2.  **Manual Conversion:** Developers often resort to manually creating separate, simplified schemas or writing complex conversion logic to bridge the gap between their application's Pydantic models and OpenAI's requirements.
3.  **Workflow Complexity:** This leads to duplicated model definitions, increased maintenance overhead, and potential inconsistencies.

## Schemic's Solution

Schemic simplifies using Pydantic models with OpenAI's structured output by providing a `SchemicModel` base class.

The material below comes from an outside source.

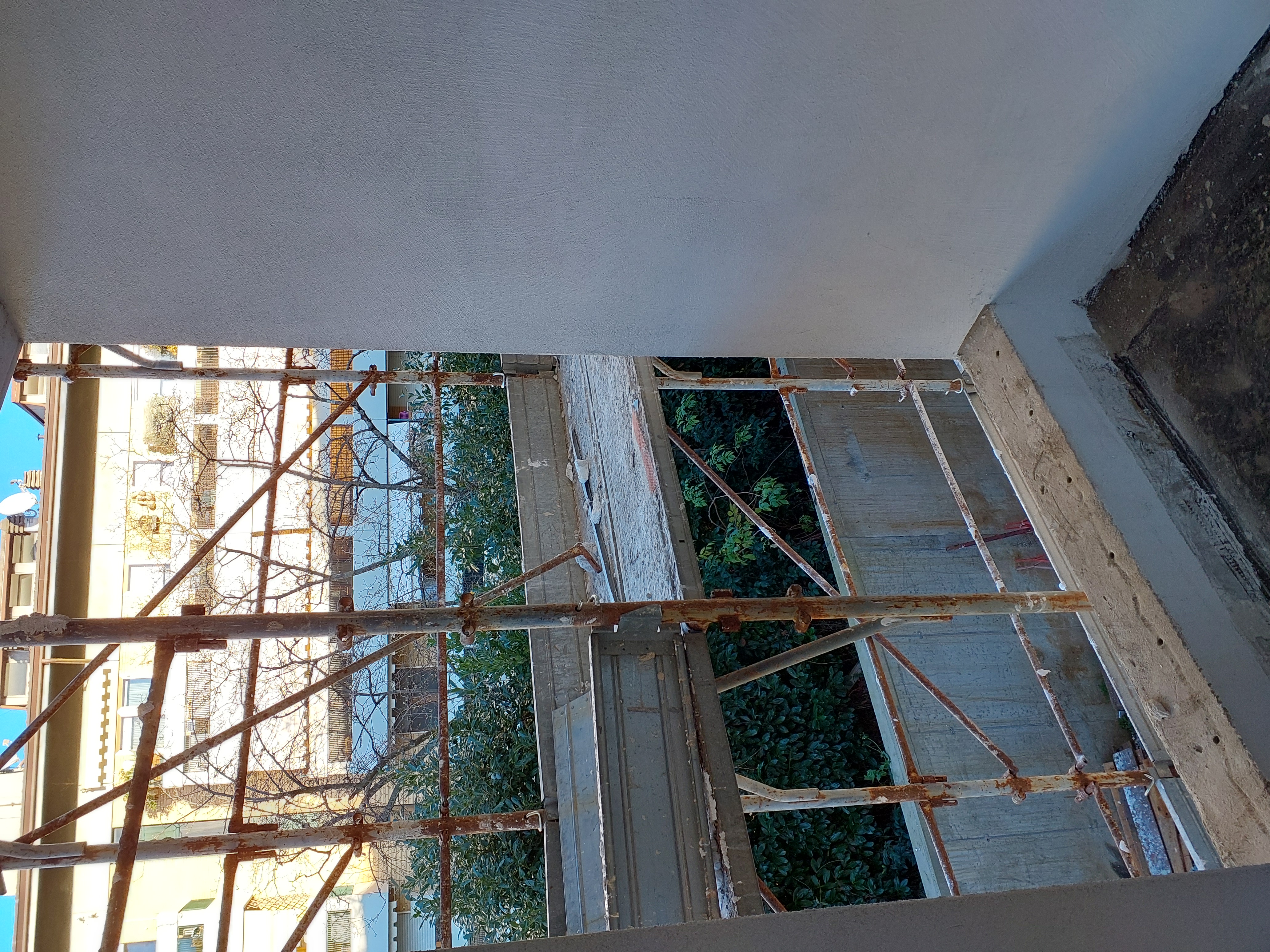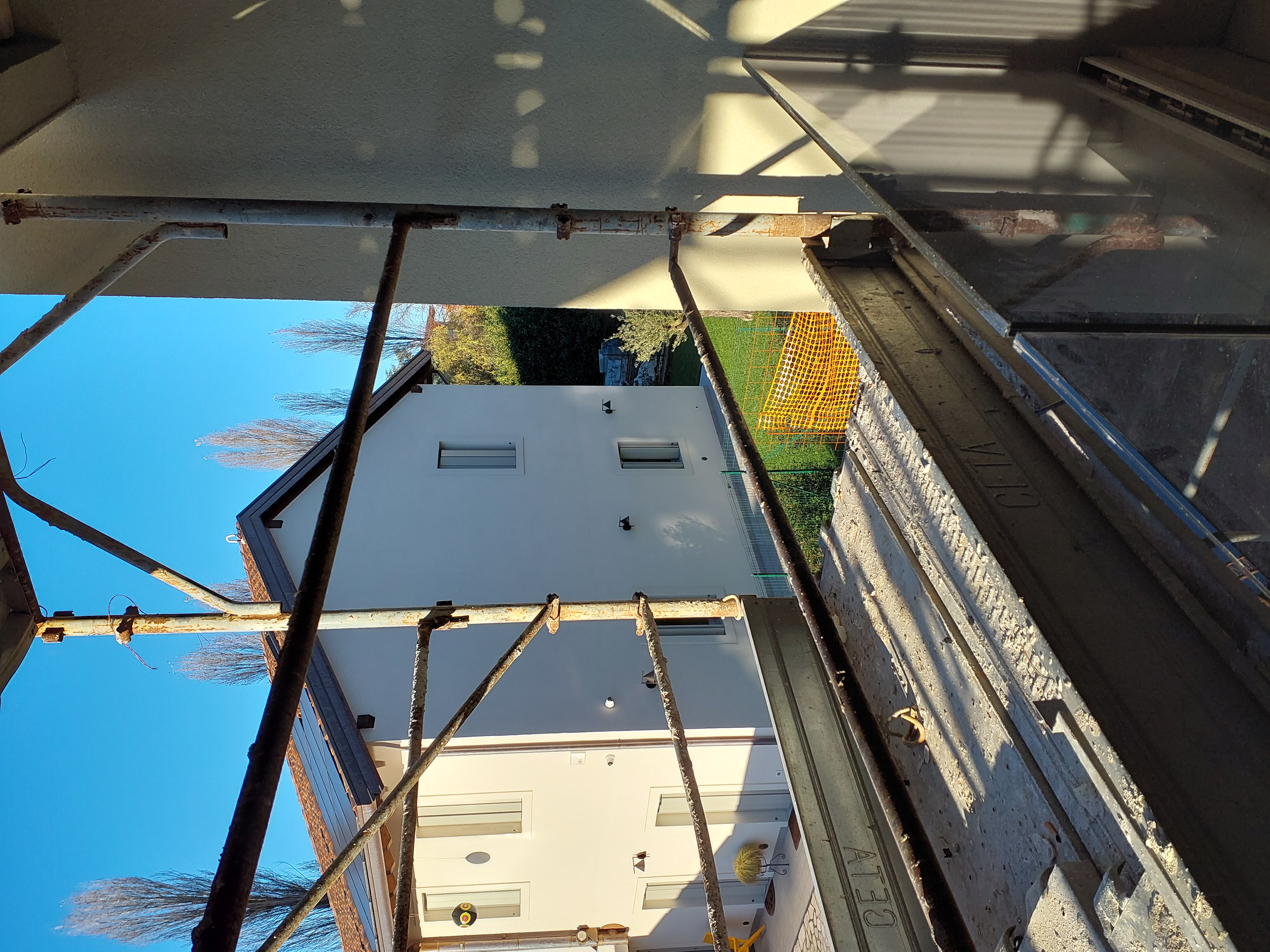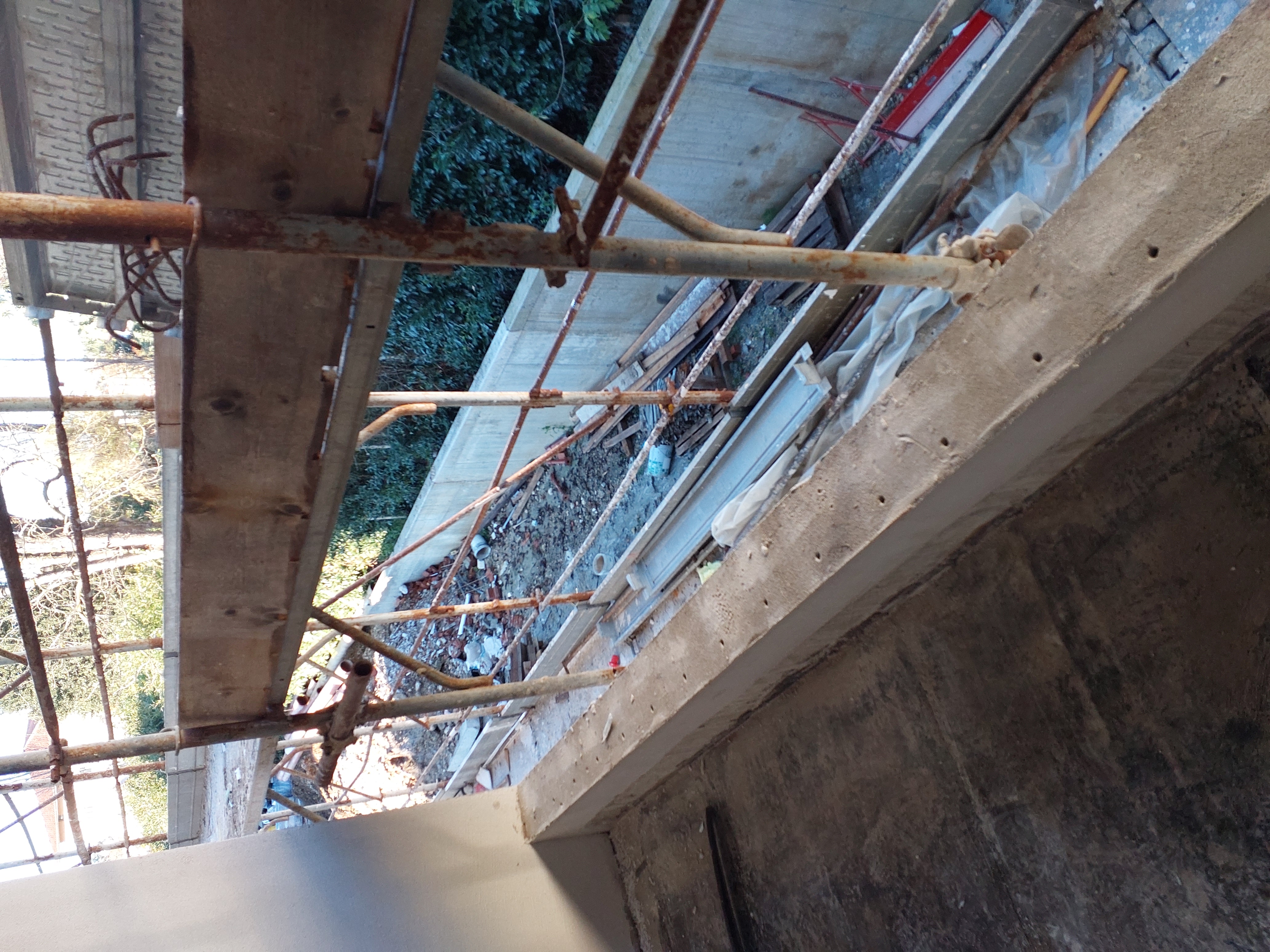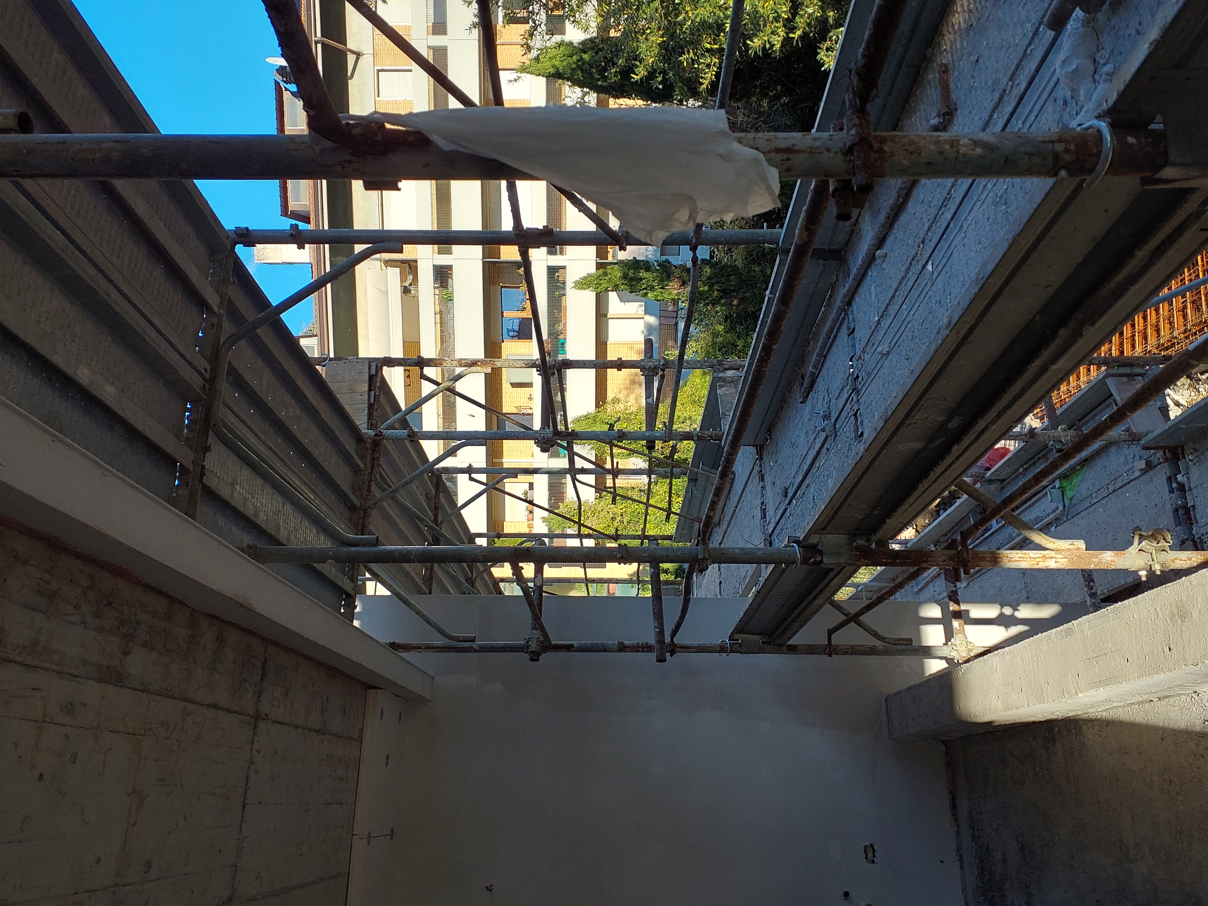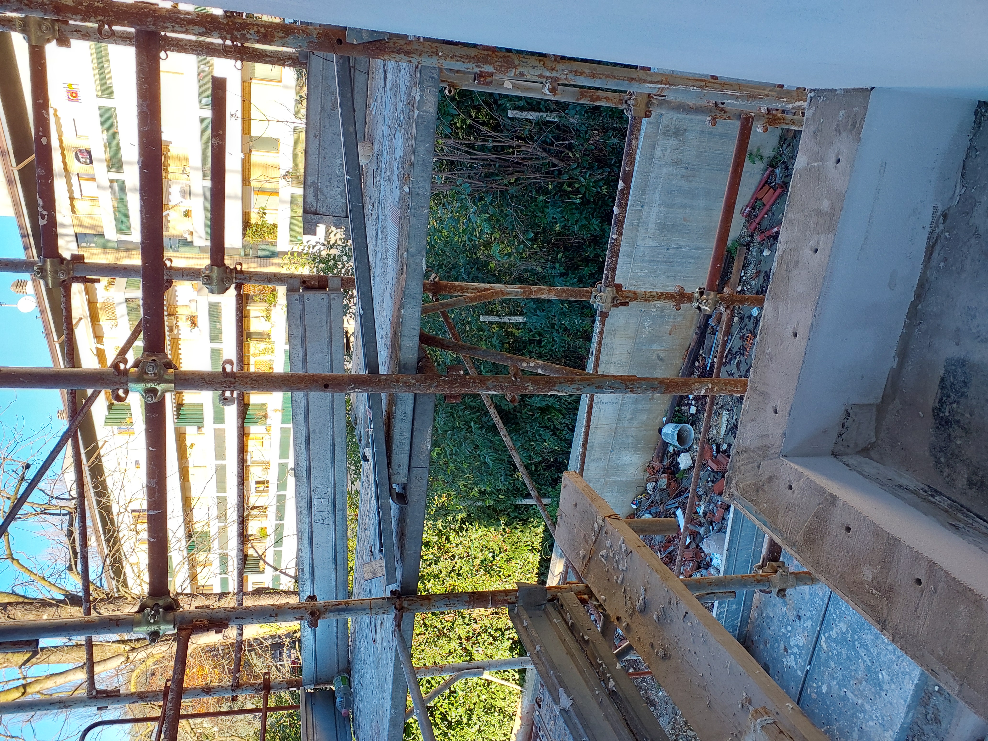 Rimuovere scala appoggiata al ponteggio ed usare quella in dotazione al ponteggio stesso

1.  **Inherit:** Define your data structures by inheriting from `SchemicModel` instead of Pydantic's `BaseModel`.
2.  **Generate:** Use the `YourModel.schemic_schema()` class method. This method automatically:
    *   Generates the JSON schema from your Pydantic model.
    *   Recursively modifies the schema to comply with OpenAI's strict requirements (handling `additionalProperties`, `required`, `default`, disallowed keywords, etc.).
    *   Wraps the schema in the necessary format (`{"type": "json_schema", "json_schema": {...}}`) for the OpenAI API.
3.  **Use:** Pass the generated schema directly to the `response_format` parameter in your OpenAI API call.
4.  **Parse:** Instantiate your `SchemicModel` directly from the OpenAI response dictionary (`YourModel(**response_dict)`), leveraging Pydantic's built-in parsing.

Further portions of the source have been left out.